Bruno, left, with newlyweds Vatsa and Arya at a wedding he attended in Kerala. Photo: Bruno
Bruno, left, with newlyweds Vatsa and Arya at a wedding he attended in Kerala. Photo: Bruno

Bruno, who uses only one name, had already taken sushi-making classes in Japan and singing lessons in South Africa. An Indian wedding felt like the next adventure, he says. Since no friends in India were getting married, he paid to attend a two-day celebration in Kerala last March.

“At first, I wondered if I should pay, ideally I would have liked to be invited, but I thought it was a once-in-a-lifetime experience,” he said. “In Brazil, weddings are mostly Christian and small ceremonies, but in India, there are many hours of ceremonies and eating with family and friends and it is also extravagant in terms of clothes.

“I was positively shocked by the colour. I was welcomed and made friends and danced with the couple.

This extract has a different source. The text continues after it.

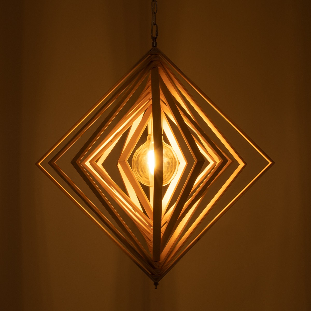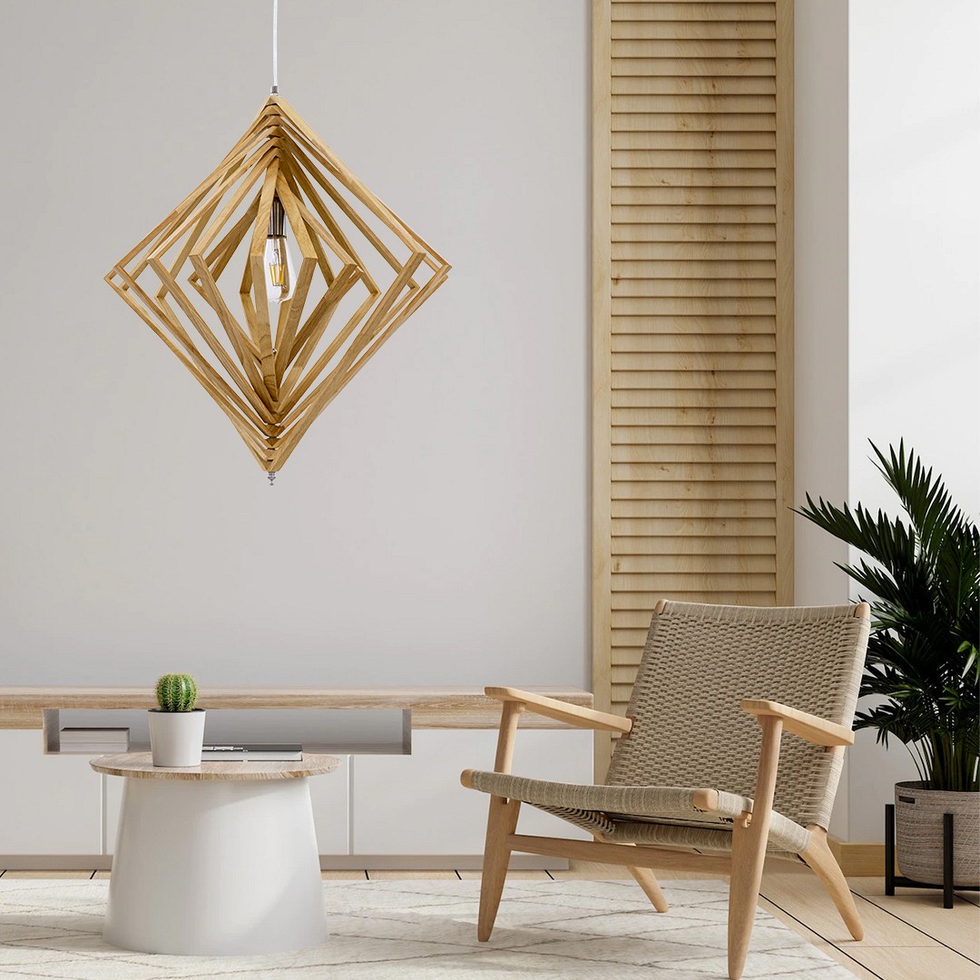 GloboStar® OCTAVE 01431 Μοντέρνο Κρεμαστό Φωτιστικό Οροφής Μονόφωτο Μπεζ Ξύλινο Μ64 x Π64 x Y66cm

They were very warm with me."

Cashing in

Indian couples, long accustomed to hosting more than 1,000 guests with ease, are embracing this new cross-cultural curiosity and capitalising on the popularity of weddings.

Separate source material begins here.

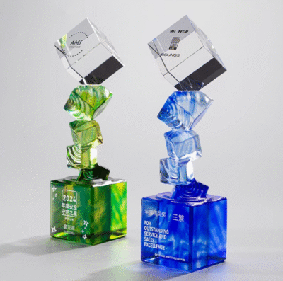 Creative Engraved Carving Cube Crystal Glass Trophy Souvenir Award

Isha Sharma and her fiance, Girendra Singh, both 29 from Jaipur, who are set to tie the knot on December 12, signed up with Join My Wedding three months ago to invite foreigners to experience their wedding that will be celebrated over five days.

Indian couple Girendra and Isha are selling tickets to their wedding in December. Photo: Isha and Girendra
Indian couple Girendra and Isha are selling tickets to their wedding in December. Photo: Isha and Girendra

“My parents are spending four million rupees on the wedding. The wedding alone is going to be attended by 1,500 people, so we thought why not extend our invitations and have people from across borders," says Isha. "Two guests from Europe have signed up so far."

Even among Indians, who are known to be social and welcoming, many can find taking money for letting people attend weddings distasteful. But Sharma says getting paid is an additional perk besides giving access to travellers to take a peek into the wedding festivities.

"I like the idea that other people can experience our culture, traditions and functions. They can enjoy the food and the functions," she says. "Indian weddings are colourful, with so many dishes, dance and laughter. I guess they will get to experience something new and interesting."